↓↓↓

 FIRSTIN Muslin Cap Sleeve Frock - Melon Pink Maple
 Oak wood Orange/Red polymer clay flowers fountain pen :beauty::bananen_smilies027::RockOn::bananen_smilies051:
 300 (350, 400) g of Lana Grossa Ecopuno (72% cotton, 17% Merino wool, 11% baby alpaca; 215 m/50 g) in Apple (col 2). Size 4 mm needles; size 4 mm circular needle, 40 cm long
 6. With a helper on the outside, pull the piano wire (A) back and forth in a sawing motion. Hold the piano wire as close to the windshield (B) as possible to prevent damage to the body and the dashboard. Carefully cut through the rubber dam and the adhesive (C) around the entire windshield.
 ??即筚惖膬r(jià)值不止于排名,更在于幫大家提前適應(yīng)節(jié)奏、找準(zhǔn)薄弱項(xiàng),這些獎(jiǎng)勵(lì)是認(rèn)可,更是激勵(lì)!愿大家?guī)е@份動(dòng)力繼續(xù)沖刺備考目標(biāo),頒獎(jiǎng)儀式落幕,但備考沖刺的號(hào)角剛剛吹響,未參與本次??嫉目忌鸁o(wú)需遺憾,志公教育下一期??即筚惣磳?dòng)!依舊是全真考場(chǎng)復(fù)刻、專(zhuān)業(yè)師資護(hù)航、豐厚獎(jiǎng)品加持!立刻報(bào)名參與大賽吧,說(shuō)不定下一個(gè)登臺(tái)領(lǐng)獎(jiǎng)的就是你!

↑↑↑
↓↓↓

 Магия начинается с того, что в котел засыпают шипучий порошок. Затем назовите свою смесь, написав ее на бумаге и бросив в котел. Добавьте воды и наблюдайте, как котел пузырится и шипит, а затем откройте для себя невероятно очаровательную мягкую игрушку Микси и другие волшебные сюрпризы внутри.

↑↑↑

ACTIVITY: The reply should consist solely of the lines above from the one that has "FIRSTIN Muslin Cap" through the one that has "6. With a helper", reproduced exactly.

PROBLEM SOLUTION:
 FIRSTIN Muslin Cap Sleeve Frock - Melon Pink Maple
 Oak wood Orange/Red polymer clay flowers fountain pen :beauty::bananen_smilies027::RockOn::bananen_smilies051:
 300 (350, 400) g of Lana Grossa Ecopuno (72% cotton, 17% Merino wool, 11% baby alpaca; 215 m/50 g) in Apple (col 2). Size 4 mm needles; size 4 mm circular needle, 40 cm long
 6. With a helper on the outside, pull the piano wire (A) back and forth in a sawing motion. Hold the piano wire as close to the windshield (B) as possible to prevent damage to the body and the dashboard. Carefully cut through the rubber dam and the adhesive (C) around the entire windshield.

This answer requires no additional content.